Michael Ologo

Personal information
- Full name: Michael Ologo Inainfe
- Date of birth: 5 April 2003 (age 22)
- Place of birth: Ologoama, Nigeria
- Height: 1.89 m (6 ft 2 in)
- Position: Centre-back

Team information
- Current team: Velež (on loan from İstanbulspor)
- Number: 4

Youth career
- 2018–2021: Fresh Talents

Senior career*
- Years: Team / Apps / (Gls)
- 2021–: İstanbulspor / 51 / (1)
- 2023–2024: → Çorum (loan) / 27 / (1)
- 2025–2026: → Velež (loan) / 10 / (0)

International career^{‡}
- 2022–: Nigeria U23 / 2 / (0)

= Michael Ologo =

Nigerian footballer (born 2003)

Michael Ologo Inainfe (born 5 April 2003) is a Nigerian professional footballer who plays as a centre-back for TFF First League club İstanbulspor.

==Career==
A youth product of the Nigerian club Fresh Talents Football Academy since 2018, Ologo moved to the TFF First League clubİstanbulspor in the summer of 2018 in a complicated transfer.

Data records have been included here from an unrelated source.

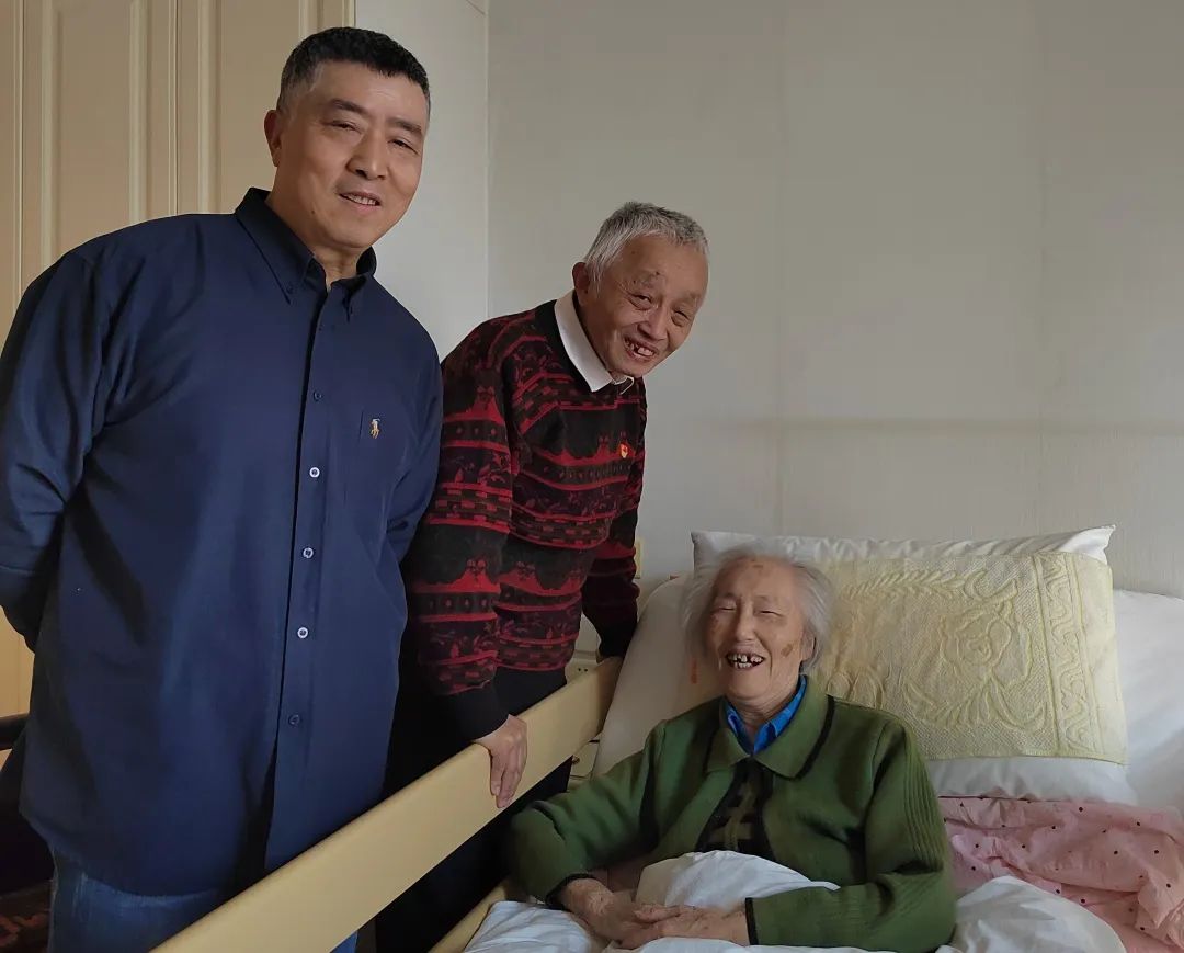最后我们来到保利静和养老机构看望苏成章老师和他的夫人王老师。苏老师将近90岁高龄,而王老师已逾90岁。两位老师谈笑风生,相处和谐,心情非常愉快。苏老师在养老院里非常活跃,经常组织唱歌,还自己作词作曲,生活充实多彩。两位老师告诉我们,王老师的身体一直不太好,有多种疾病。但是他们的儿子非常孝顺,天天都来看望,还自学中医技术,来养老院给王老师按摩、行针和艾灸,令老两口倍感欣慰。看到两位老师精神矍铄,心态乐观,老有所依,我们真心为他们感到高兴。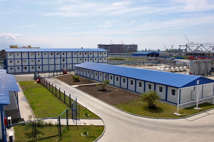 Высокими темпами характеризуется ситуация и на возведении гостиницы. Два первых этажа в бетоне, близки к завершению работы по заливке перекрытия между вторым и третьим этажами. В контурах каркаса уже просматривается волнообразные линии будущего отеля для журналистов. По словам руководителей генподрядного строительного предприятия, до конца текущего года основные конструктивные объемы сооружений будут выполнены.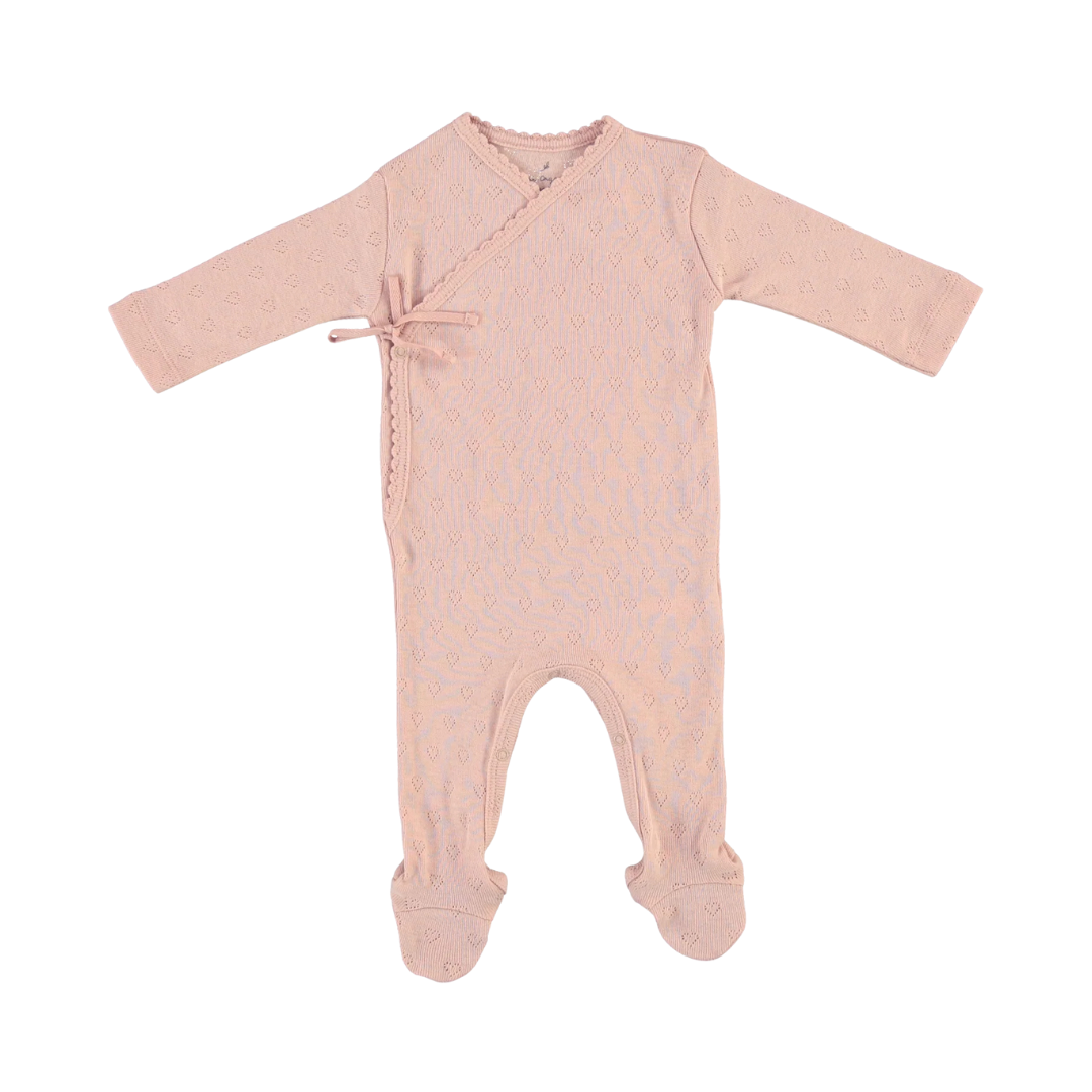 Bebe wrap footie in the softest organic cotton pointelle features a wrap opening, long sleeves, covered toes, and snaps for an easy change. This overall is the ultimate item for all babies and more especially for newborns.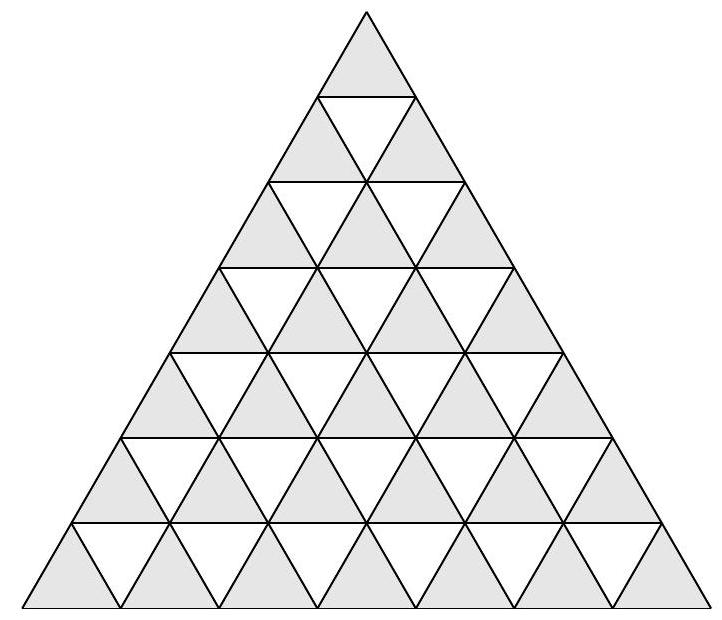 answer:## Solution.Let's prove that the answer is n(n+1).Let a segment denote a length of 1.With each side of the original triangle, there are1+2+cdots+n=frac{n(n+1)}{2}segments.If we color all n(n+1) segments that are parallel to one of the two sides of the original triangle, then there does not exist an equilateral triangle with all three red sides.We still need to prove that we cannot color more than n(n+1) segments without forming an equilateral triangle with three red sides.Let's shade the triangles whose vertex opposite to the side parallel to the bottom side of the original triangle is pointing upwards, as shown in the figure. The bases of these triangles are segments parallel to the bottom side of the triangle, so there are frac{1}{2} n(n+1) such triangles.No two of these triangles share a side. If more than n(n+1) segments were colored red, then by the Pigeonhole Principle, at least one of the shaded triangles would have all three sides colored red. Therefore, n(n+1) is the maximum number of segments that can be colored red.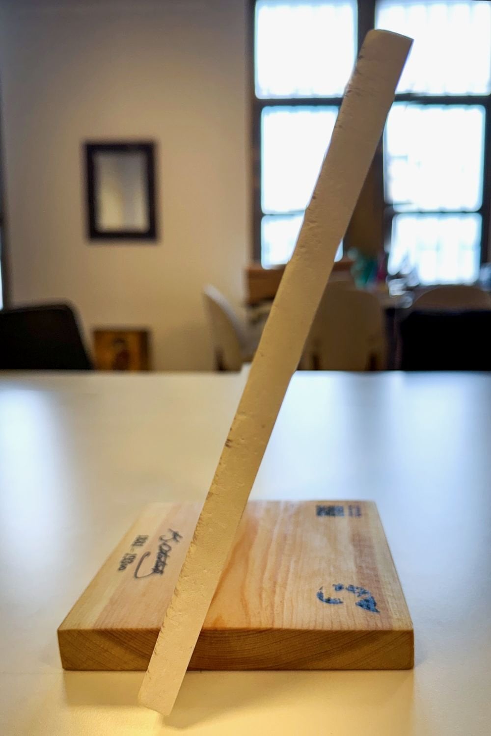 Bu tablo beyaz Limra Doğal Taşından üretilmiştir. Eskitilmiş yüzeyi sayesinde taşın doğal karakteri ön plana çıkar. Masif ahşap standı ile masaüstü, ofis ve çalışma alanlarında anlamlı ve güçlü bir dekoratif obje olarak konumlandırılabilir.

On his debut season with the club, he helped them earn promotion into the Süper Lig after winning the promotion playoffs. On 8 August 2022, he extended his contract with the club until 2026.

==International career==
Ologo is a youth international for Nigeria, having played for the Nigeria U23s in October 2022.